Обров, которых застали в поле, побили в короткой злой сече. Остальные заперлись в крепостях, славянские стрелки стали метать зажженные стрелы в крыши, крытые соломой. Половина защитников бросилась гасить пожары, остальные обреченно повернулись к несметным ратям врага.

Олег удержал храбрецов, на приступ не пустил. Слушались неохотно, но слушались: передравшись, кому быть вождем объединенной рати журавлевцев, борщаков и соколян, сошлись на мудром пещернике, чужом для всех. Олега нарекли светлым князем, остальные же вожди именовались просто князьями. Их рати шли под началом своих русичей, но Олег как мог объединял их силы, бросал на помощь друг другу, хладнокровно играл на детской отваге, детской же наивной жадности к чужому богатству, гордости и соперничестве.

– Сжечь частокол! – велел он. – Дотла. Поджечь крепость, а ударить лишь потом, чтобы все по-честному, грудь на грудь. Верно?

– Верно! – заревели, обрадованные, те, кто только что обзывал его трусом и рвался лезть на стены. – Чтоб по-честному! Посмотрим, кто устоит в честном бою!

В частокол метали стрелы и даже копья, обернутые горящей паклей. Малые деревянные крепости полыхали, окруженные морем блистающих мечей. Отряды обров начали таять, как куски льда, брошенные в котлы с кипящей водой.

Олег пустил усталого коня шагом. Плечи и руки ныли – с утра до вечера махал мечом. В последний день все-таки ввязался в бой – трижды менял посеченные доспехи, четырежды под ним убивали коня. Но случилось то, чего не ждал даже он, – обров стерли с лика земного за день и ночь! Как будто и не было обров – грозной силы, что наводила ужас на дулебов! Теперь у победителей впереди самое трудное и самое кровавое – драться из-за добычи. В драке погибнут или в сражении с обрами. Старая вражда укрепится, добавятся новые обиды…

Пройдет время – от обров не останется даже имен. Разве что оброк, обирать, обрыдлый… Историки, дети Геродота, скажут: избрали неверную дорогу. А сколько смельчаков уводили свой род, чтобы дать начало новому племени? Новому народу? Таргитай, уйдя от невров, народил на новом месте троих сыновей: Арпо, Липо и Коло. Они дали жизнь трем великим народам. Коло преуспел, его род принял имя сколотов – ушедших с Коло. Они поселились на излучине реки, назвали ее Ворсклой, а выстроенный город нарекли Осколом. Коло, его называли уже Колоксаем – Колоцарем, жил тысячу лет, у него было три сына: Гелон, Агафирс и Скиф.
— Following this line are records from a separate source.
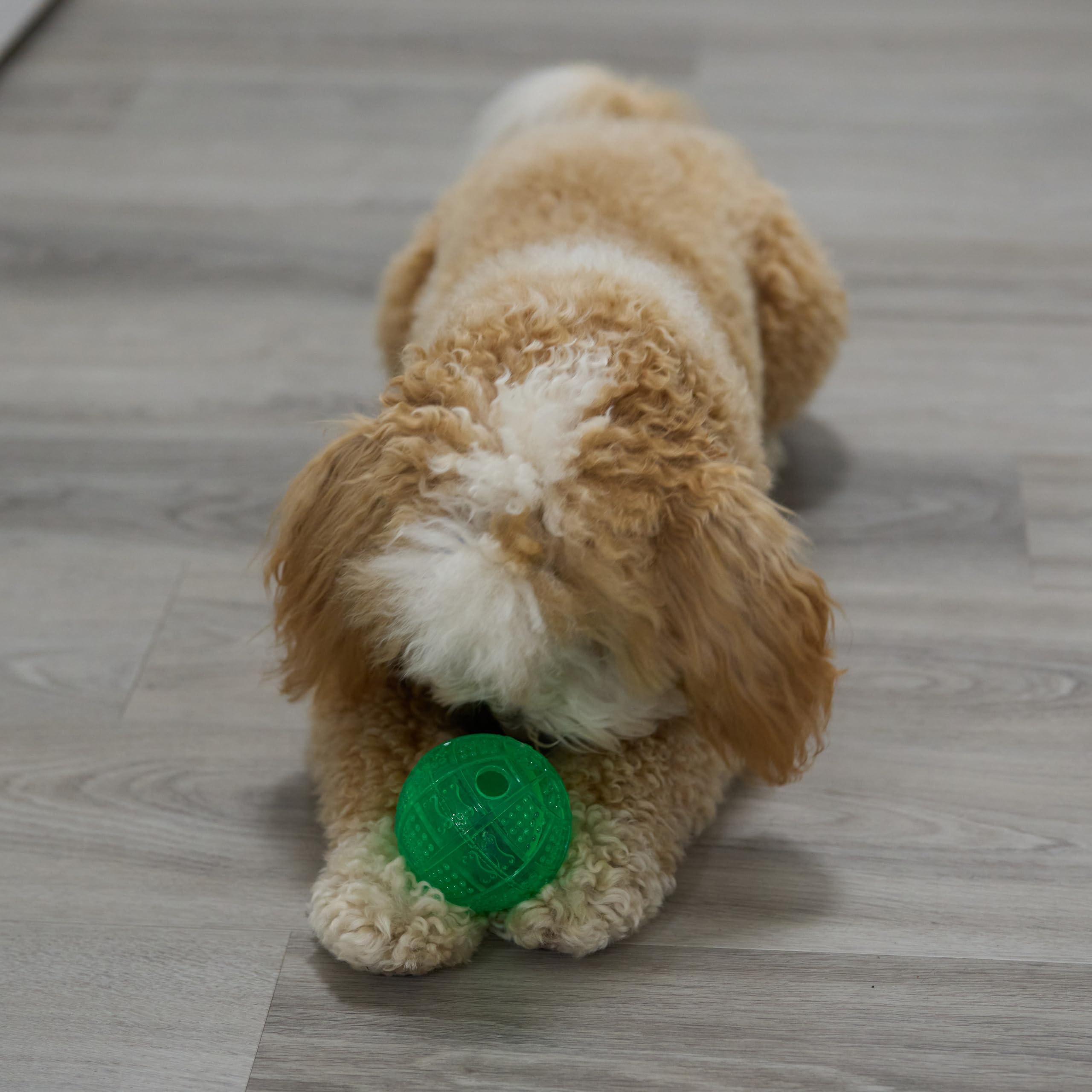 Includes one 3-inch treat ball in one of three bright colors (green, blue, or purple)
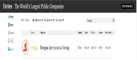 67日,美国《福布斯》杂志发布了2018年“全球上市公司2000强”排行榜(Forbes Global 2000)。金沙9001cc国际集团有限公司(01044.HK)以销售额29亿美元、利润5.62亿美元、资产60亿美元、市值106亿美元列位榜单1755名。
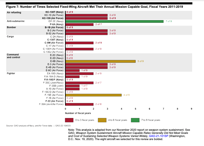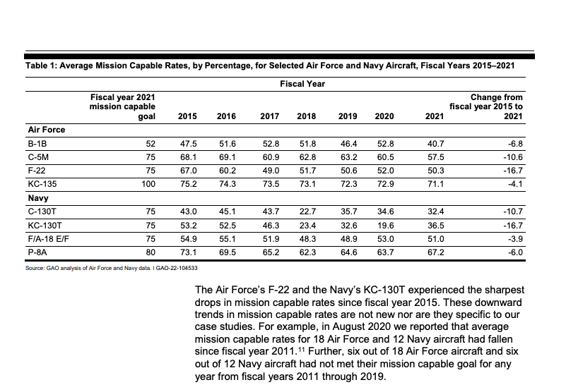 In its latest report, GAO found that between Fiscal Year 2015 and Fiscal Year 2021, the mission capable rates – the percentage of total time when an aircraft can fly and perform at least one mission – have dropped for each one of those aircraft.
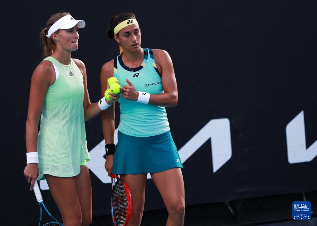 1月16日,加西亚(右)/姆拉杰诺维奇在比赛中交流。新华社记者 马平 摄
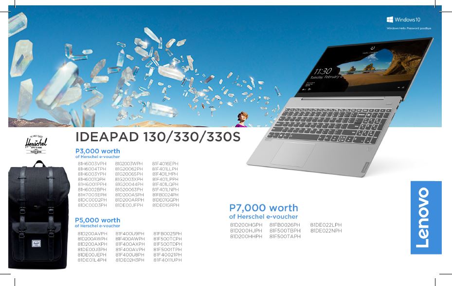 Free Php3,000 worth of Herschel e-voucher will be given to buyers of select IdeaPad 130/330 powered by an Intel Core i3 or AMD Ryzen 3 processors and buyers of the S300 Series powered by the Intel Core i5/i7 or AMD Ryzen 5/7 processors.
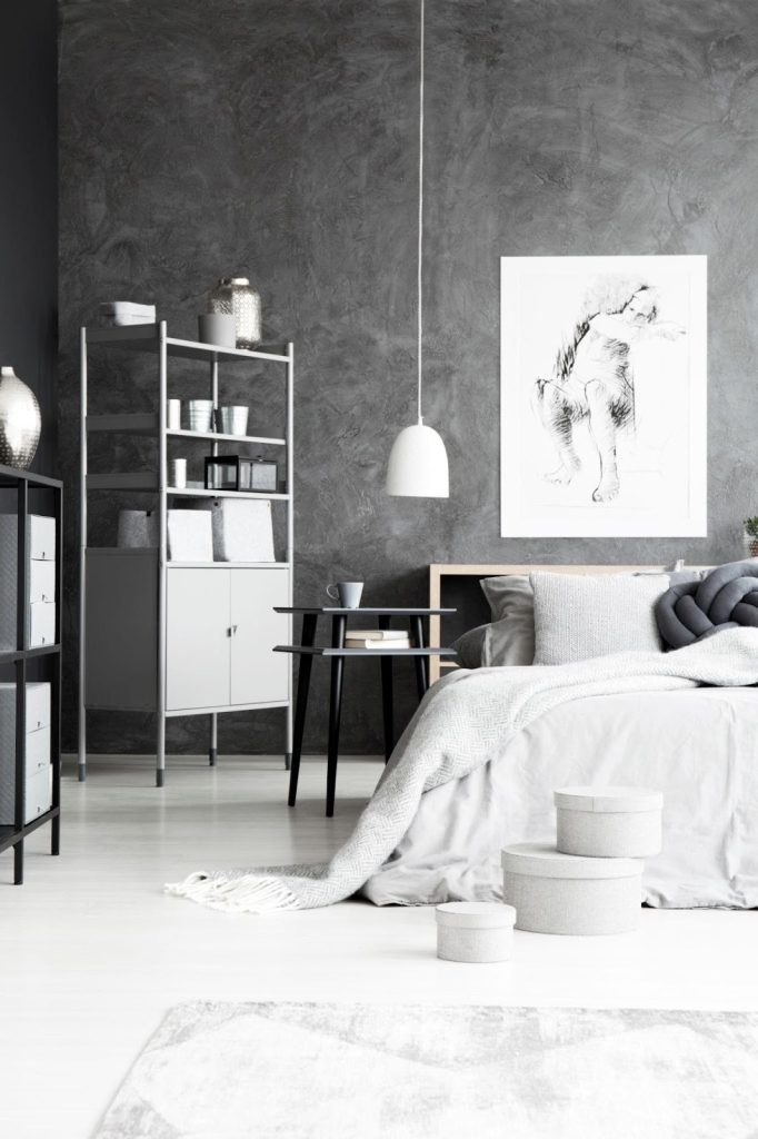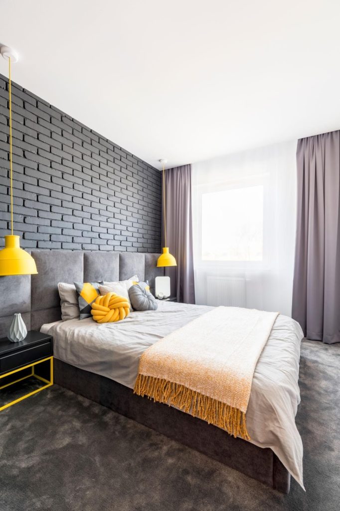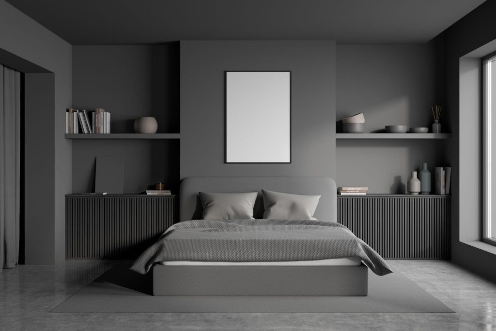 Grey walls are perfect for an industrial-inspired bedroom. Think concrete finishes, exposed textures, and black metal accents.
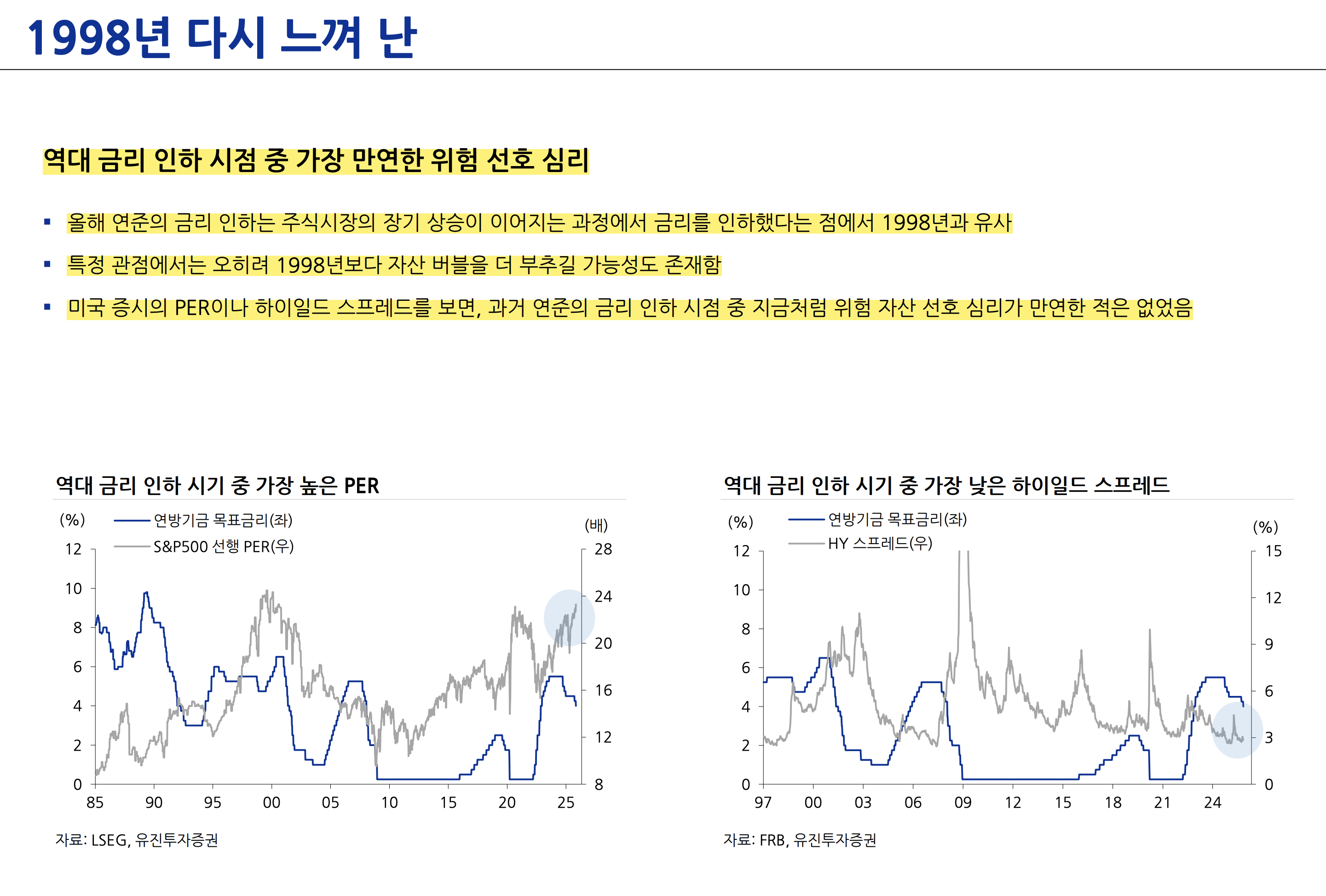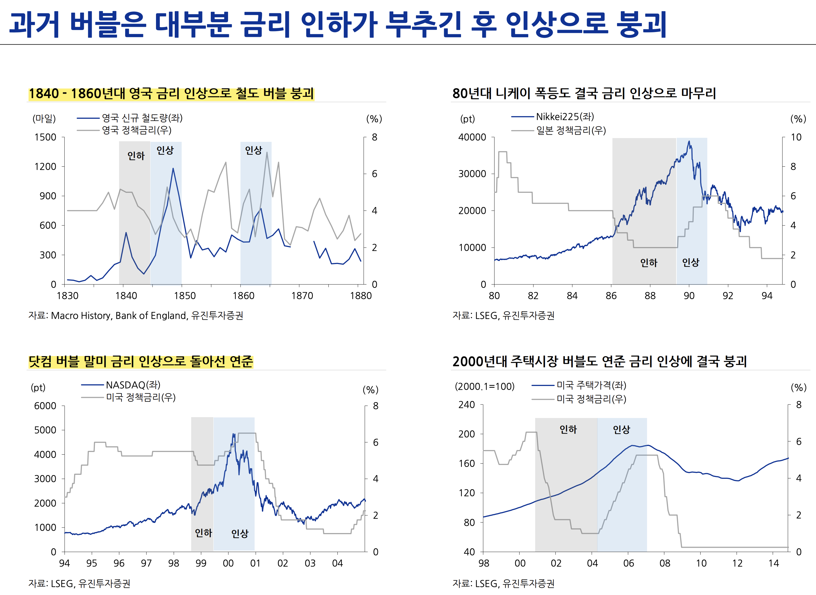 유진투자증권 리포트, 재미있게 읽었다. 과거 대부분 버블이 금리인하로 커진 뒤 금리 인하와 함께 시즌 종료. 과거 사이클의 반복이 맞다면 지금은 완연한 초입 지점. 왠지 젠슨황의 말과 겹치는 듯도 하고.
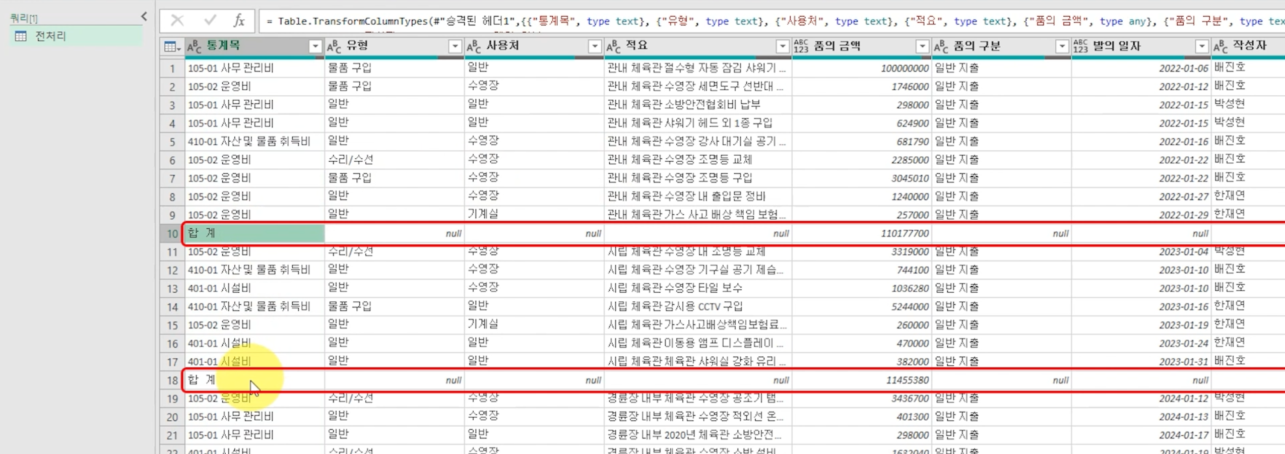 왼쪽에 [쿼리] 창을 보면 '시설 운영비' 쿼리가 생성되어 있습니다.

Все три дали начало трем великим племенам, затем первые два незаметно растворились среди других, а племя Скифа сотни лет потрясало мир, грабило страны Востока, дало миру мудрецов, магов, героев, умельцев, которые придумали стремена, гончарный круг, научились выковывать железные мечи, затем – булатные…

У Скифа – он прожил семьсот лет – были сыновья: Пал, Нап и Славен. От Пала и Напа остались только основанные ими города, зато Славен постарался за всех троих, дав начало такому племени, которое уже через пару сотен лет расплодилось так, что раздробилось на сотни племен – теперь дерутся между собой, как осатанелые звери, позабыв про кровное родство.

Славен жил пятьсот лет с гаком. У него среди кучи ничем не приметных детей был крепкий витязь Пан, что завоевал для своих потомков Зеленую долину, названную по его имени Паннонией. Он жил пятьсот двадцать лет, у него было три сына: Чех, Лях, Рус. Они сперва жили в горах, потом спустились со своими родами, оставив престарелого Пана, потеснили внизу племена. Эти три сына Пана, внуки Славена, дали начало трем сильным племенам – все три выжили, не погибли, не растворились среди более сильных народов…

Конь под ним чуть отдохнул, ожил, на ходу хватал верхушки высоких трав. Для него это была просто земля, не вражеская, не надо оглядываться, чутко прислушиваться к звукам. А для Олега, как всякого чужака, – вокруг враги, хотя все говорят на одном и том же языке, а несколько поколений тому вовсе были одним племенем.